> Your task: Write out exactly, and only, the lines below from the line with "Text auf der" through the line with "Slim lithium Battery"; pictures do not belong in the copy.

> Exercise input:
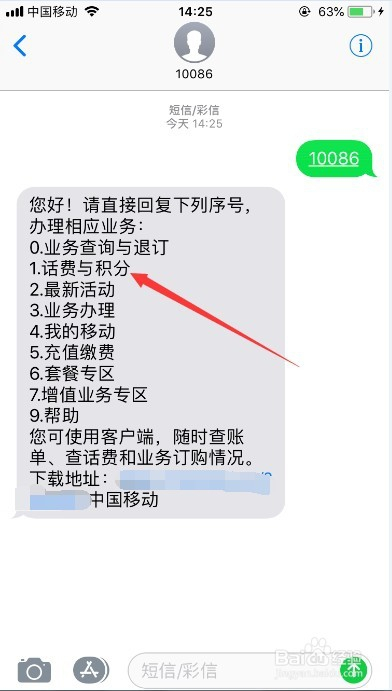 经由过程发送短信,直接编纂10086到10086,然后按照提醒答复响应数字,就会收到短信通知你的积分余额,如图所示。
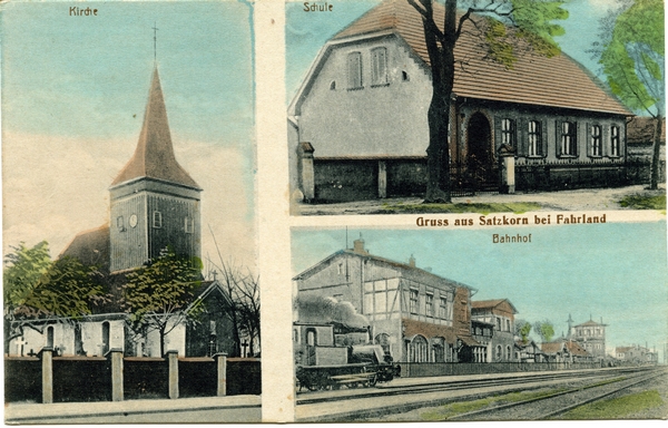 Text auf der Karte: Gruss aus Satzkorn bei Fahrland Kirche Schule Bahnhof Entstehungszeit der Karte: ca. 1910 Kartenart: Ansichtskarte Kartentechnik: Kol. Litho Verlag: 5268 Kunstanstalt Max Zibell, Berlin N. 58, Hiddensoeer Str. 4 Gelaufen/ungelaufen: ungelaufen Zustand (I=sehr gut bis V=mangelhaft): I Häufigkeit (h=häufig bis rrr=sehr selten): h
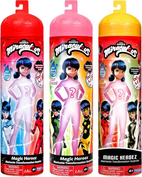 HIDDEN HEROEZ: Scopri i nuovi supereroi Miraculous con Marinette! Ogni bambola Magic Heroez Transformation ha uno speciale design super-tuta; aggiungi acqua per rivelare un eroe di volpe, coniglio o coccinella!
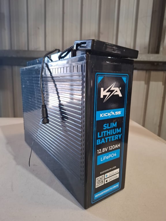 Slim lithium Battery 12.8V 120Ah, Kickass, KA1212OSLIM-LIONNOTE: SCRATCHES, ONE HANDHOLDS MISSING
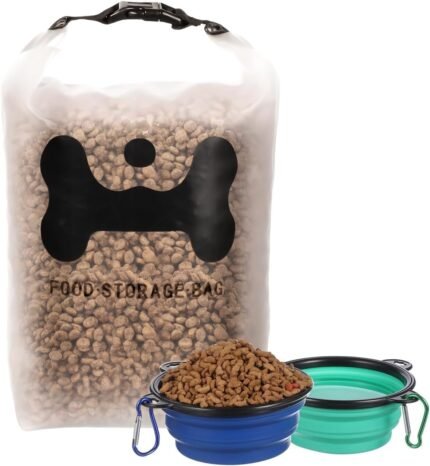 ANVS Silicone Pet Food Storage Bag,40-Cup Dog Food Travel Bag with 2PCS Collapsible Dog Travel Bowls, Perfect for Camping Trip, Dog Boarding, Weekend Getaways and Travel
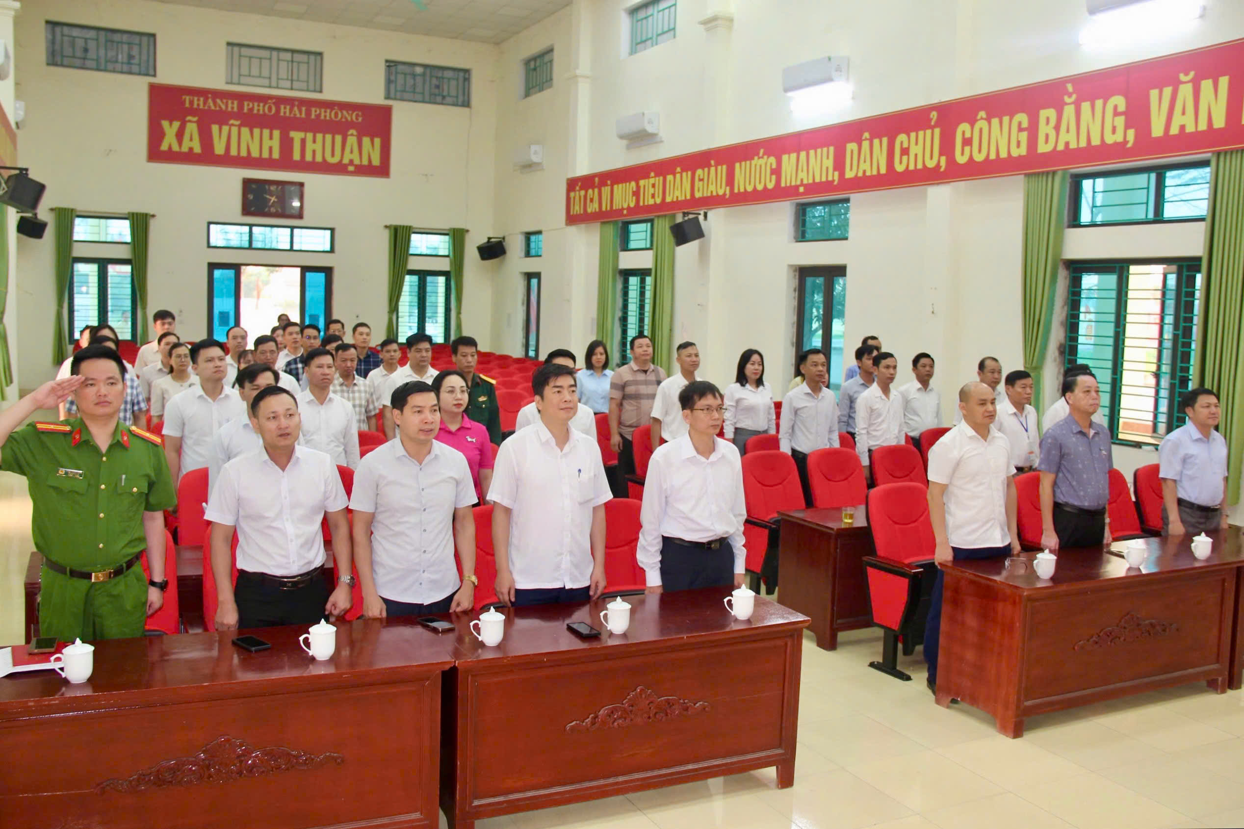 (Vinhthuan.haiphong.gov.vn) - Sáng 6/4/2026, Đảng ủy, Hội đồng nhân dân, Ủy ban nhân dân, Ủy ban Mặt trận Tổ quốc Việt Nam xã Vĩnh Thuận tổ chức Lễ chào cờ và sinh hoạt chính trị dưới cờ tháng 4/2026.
---
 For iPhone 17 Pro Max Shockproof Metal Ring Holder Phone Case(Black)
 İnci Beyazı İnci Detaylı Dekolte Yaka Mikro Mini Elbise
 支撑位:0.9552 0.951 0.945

> Output below:
 Text auf der Karte: Gruss aus Satzkorn bei Fahrland Kirche Schule Bahnhof Entstehungszeit der Karte: ca. 1910 Kartenart: Ansichtskarte Kartentechnik: Kol. Litho Verlag: 5268 Kunstanstalt Max Zibell, Berlin N. 58, Hiddensoeer Str. 4 Gelaufen/ungelaufen: ungelaufen Zustand (I=sehr gut bis V=mangelhaft): I Häufigkeit (h=häufig bis rrr=sehr selten): h
 HIDDEN HEROEZ: Scopri i nuovi supereroi Miraculous con Marinette! Ogni bambola Magic Heroez Transformation ha uno speciale design super-tuta; aggiungi acqua per rivelare un eroe di volpe, coniglio o coccinella!
 Slim lithium Battery 12.8V 120Ah, Kickass, KA1212OSLIM-LIONNOTE: SCRATCHES, ONE HANDHOLDS MISSING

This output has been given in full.